Welcome! » Log In » Create A New Profile

Truncation suggestion (Teaser)

Posted by dragonwize 
Truncation suggestion (Teaser)
August 03, 2007 08:55PM

First, thank you for this great library.

I am using HTMLPurifier for user submitted content, as I would think was its purpose. Hopefully developers aren't using it so they don't have to learn to write good secure code. Anyway many types user submitted content often come with a teaser or summery version. Like a blog post, news story, or just content placed in a sidebar, the list goes on. As you tell using html and truncating a string by by character can be extremely be terrible for design not to mention any security concerns.

My suggestion is that I think HTMLPurifier would be in the perfect position to output a safe teaser as it is already parsing the code.

Re: Truncation suggestion (Teaser)
August 03, 2007 09:25PM

Generally, I don't bother with HTML teasers. That makes creating one very easy: strip_tags(), some sort of "smart" substr, and then htmlspecialchars(). This is one case where strip_tags() has a quite legitimate use!

Re: Truncation suggestion (Teaser)
August 03, 2007 09:29PM

That is what I currently use. But there are time when having a html teaser would be really nice.

Thanks for the work either way.

DragonWize

Re: Truncation suggestion (Teaser)
August 03, 2007 10:31PM

Sometimes, I agree. However, if a document starts off with tags you don't want them showing up in the teaser.

Re: Truncation suggestion (Teaser)
November 24, 2007 12:01AM

In the product I work on, I use the following ornery solution to trim HTML down to a guaranteeably fittable (ug) size for storage in a database column:

- Take HTML.
- magic MS Word cleaning stuff. Without this JTidy is doomed to fail.
- raw truncate to 8*n, where n is the byte size of the field in the database.
- JTidy to fix up the raw truncation into real HTML.
- Is the fixed-up string > n? No: Raw truncate to n, and run JTidy again. Yes: return fixed-up string.
- Is the new fixed-up string > n? No: Take 200 bytes off the raw truncation and run through JTidy.
Repeat trimming by 200 and JTidying until you win. Yes: return fixed-up string.
- If JTidy borked at any point, return a sorry-we-failed-you string instead of the truncated HTML.

The 8*n initial limit is arbitrary, but usually works to get under n bytes in just 1 JTidy pass.

As ugly as it is, the whole sequence is usually pretty fast since it only ever deals with a limited number of bytes -- I have no interest in cleaning up the original HTML document; I only want to make sure the truncated preview is pure, since that will be displayed inline with the rest of the web UI for the product.

While fast, it is susceptible to JTidy failure.

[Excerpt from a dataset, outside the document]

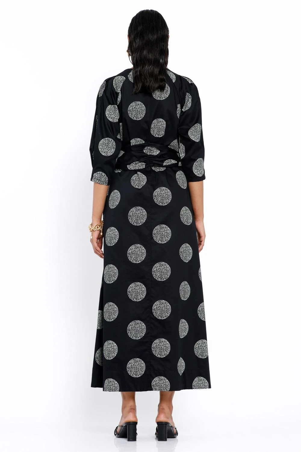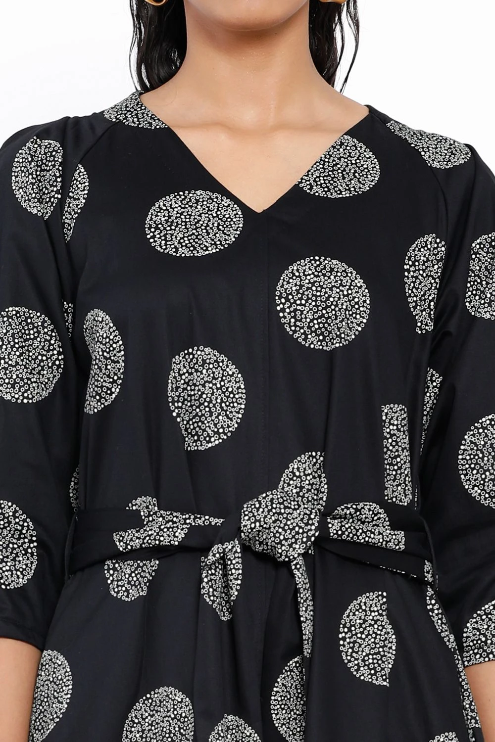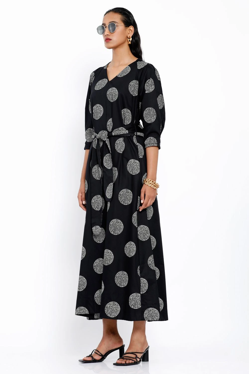 This black V neck maxi dress has a polka dotted floral print. This chic piece is perfect for casual daytime events. Style this piece with statement earrings & a colourful handbag for an effortlessly stylish look.

I'd say 1 in 500 times, I see a sorry-we-failed-you come up. I agree with the OP that HTMLPurifier is probably a better replacement for what I want, if it only existed as a Java solution.

Re: Truncation suggestion (Teaser)
November 24, 2007 11:30AM

Hmm... are you checking for XSS attacks or anything of the like in your teasers?

Re: Truncation suggestion (Teaser)
November 24, 2007 01:25PM

re: XSS filtering

Yes, we have an internal active content filter that strips Javascript (not perfectly, I believe) before the HTML gets to the JTidy step.

Sorry, you do not have permission to post/reply in this forum.